• [Information given]
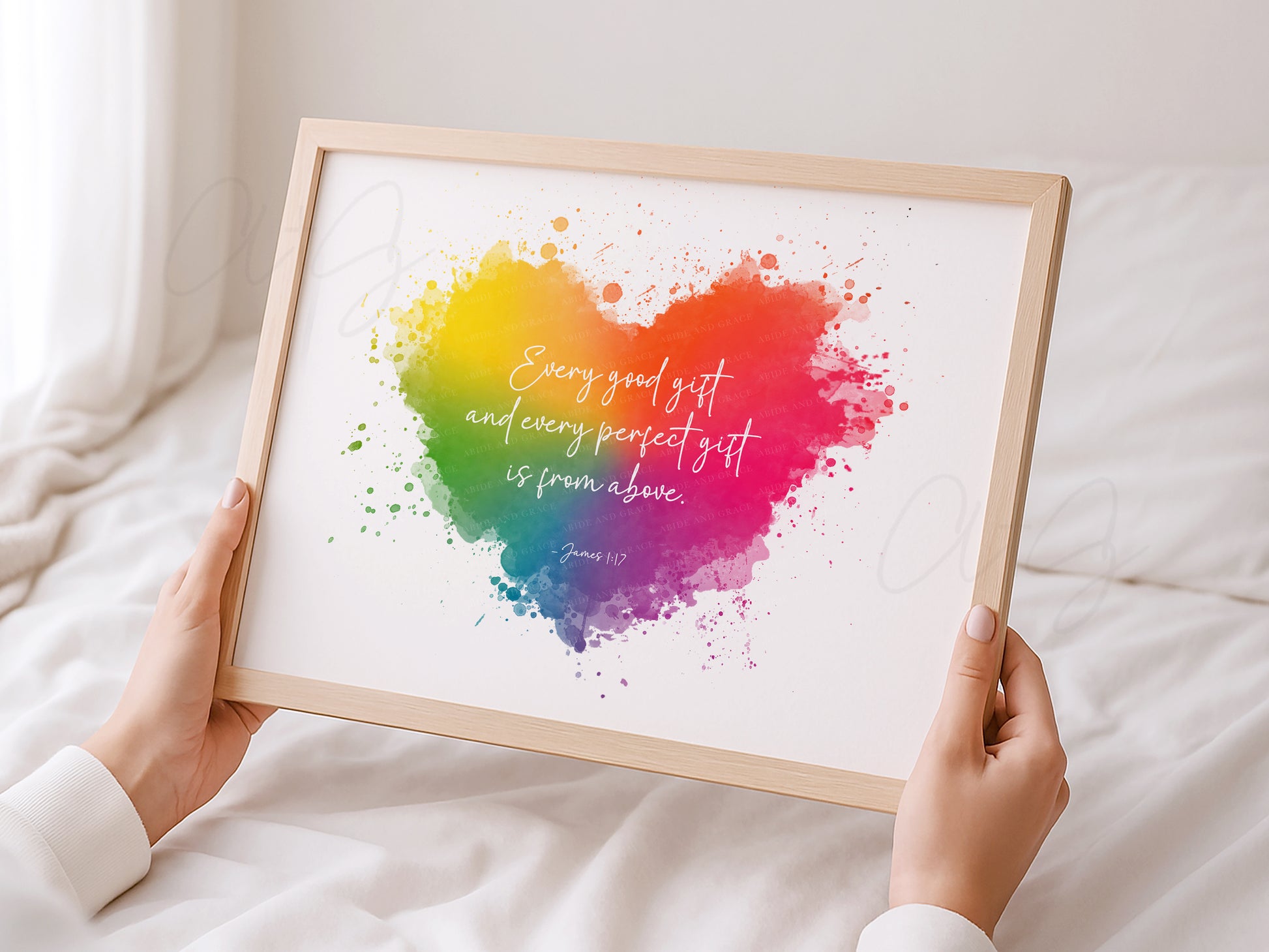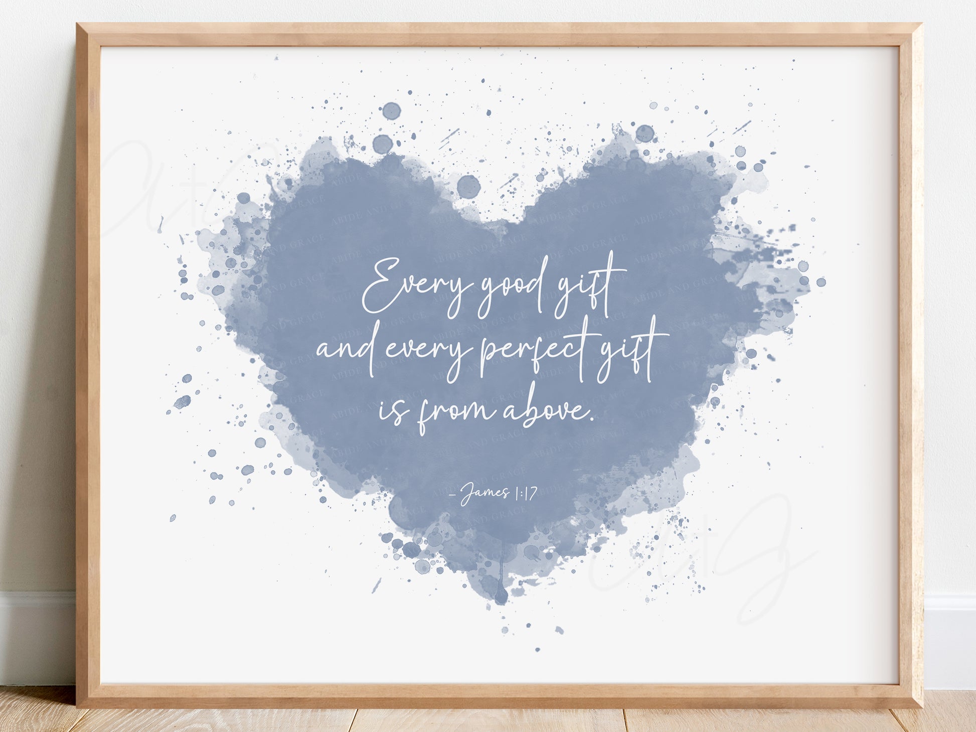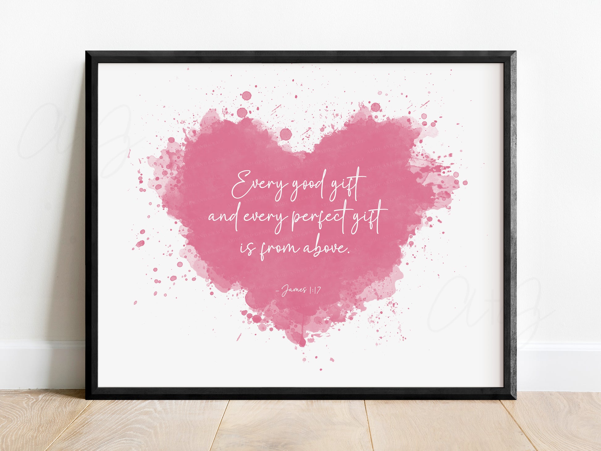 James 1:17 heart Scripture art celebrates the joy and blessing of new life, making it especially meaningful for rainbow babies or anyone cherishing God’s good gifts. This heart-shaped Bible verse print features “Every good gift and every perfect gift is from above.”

* * *

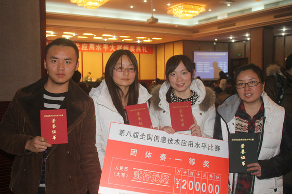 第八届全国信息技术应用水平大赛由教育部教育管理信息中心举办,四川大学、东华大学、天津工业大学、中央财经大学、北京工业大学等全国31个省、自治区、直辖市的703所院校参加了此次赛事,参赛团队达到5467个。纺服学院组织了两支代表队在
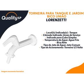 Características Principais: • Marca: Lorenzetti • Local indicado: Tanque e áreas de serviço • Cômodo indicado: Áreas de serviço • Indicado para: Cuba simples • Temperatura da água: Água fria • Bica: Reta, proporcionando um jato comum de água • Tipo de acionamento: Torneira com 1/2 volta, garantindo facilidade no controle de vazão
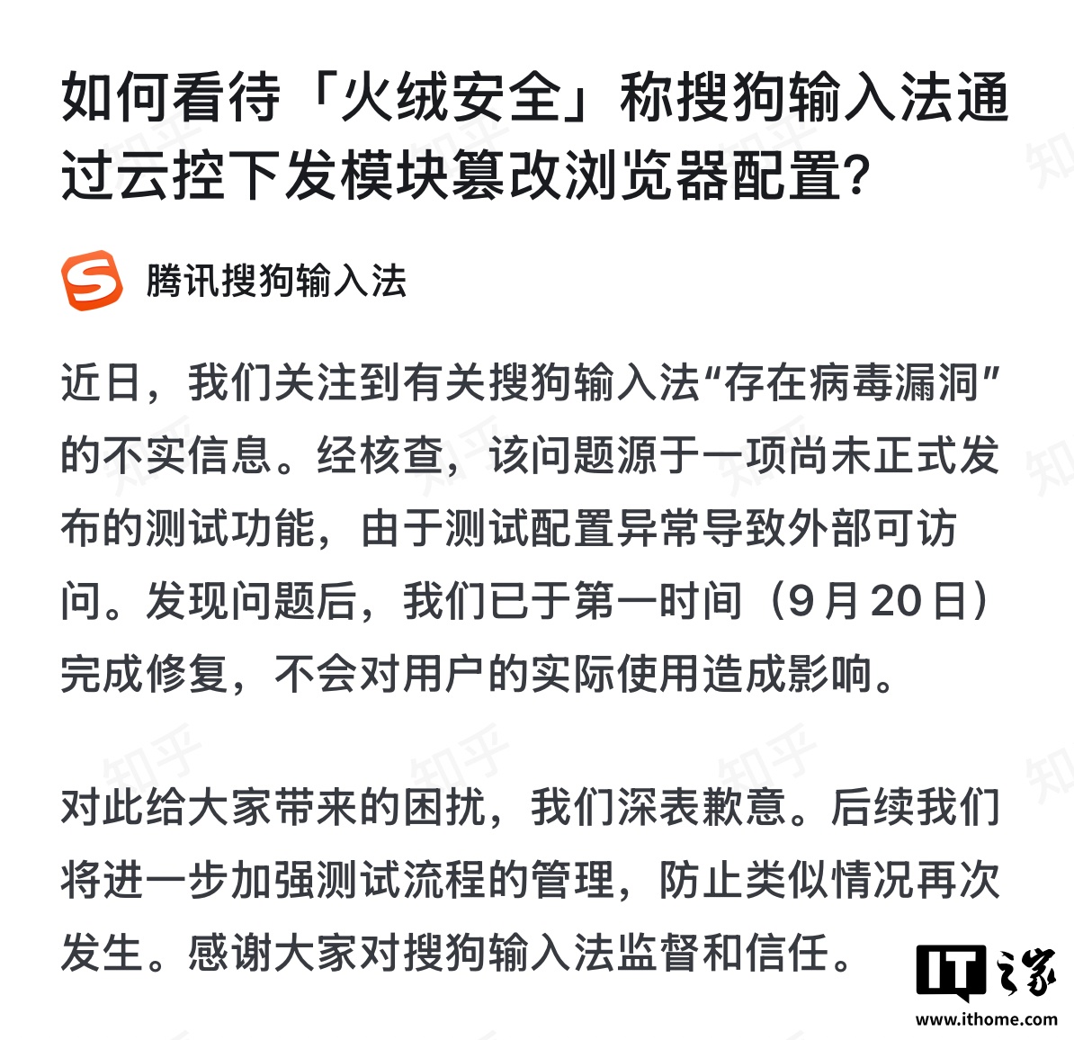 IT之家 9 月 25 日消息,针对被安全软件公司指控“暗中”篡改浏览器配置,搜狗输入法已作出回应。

--

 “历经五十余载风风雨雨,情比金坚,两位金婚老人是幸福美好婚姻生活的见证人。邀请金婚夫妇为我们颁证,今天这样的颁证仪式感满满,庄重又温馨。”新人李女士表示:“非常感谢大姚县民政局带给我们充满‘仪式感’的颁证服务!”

• [Problem requirements] Reproduce the listing above only between the lines holding "第八届全国信息技术应用水平大" and "IT之家 9 月 25", inclusive. Every line must match exactly, and pictures are dropped.

• [Answer space]
 第八届全国信息技术应用水平大赛由教育部教育管理信息中心举办,四川大学、东华大学、天津工业大学、中央财经大学、北京工业大学等全国31个省、自治区、直辖市的703所院校参加了此次赛事,参赛团队达到5467个。纺服学院组织了两支代表队在
 Características Principais: • Marca: Lorenzetti • Local indicado: Tanque e áreas de serviço • Cômodo indicado: Áreas de serviço • Indicado para: Cuba simples • Temperatura da água: Água fria • Bica: Reta, proporcionando um jato comum de água • Tipo de acionamento: Torneira com 1/2 volta, garantindo facilidade no controle de vazão
 IT之家 9 月 25 日消息,针对被安全软件公司指控“暗中”篡改浏览器配置,搜狗输入法已作出回应。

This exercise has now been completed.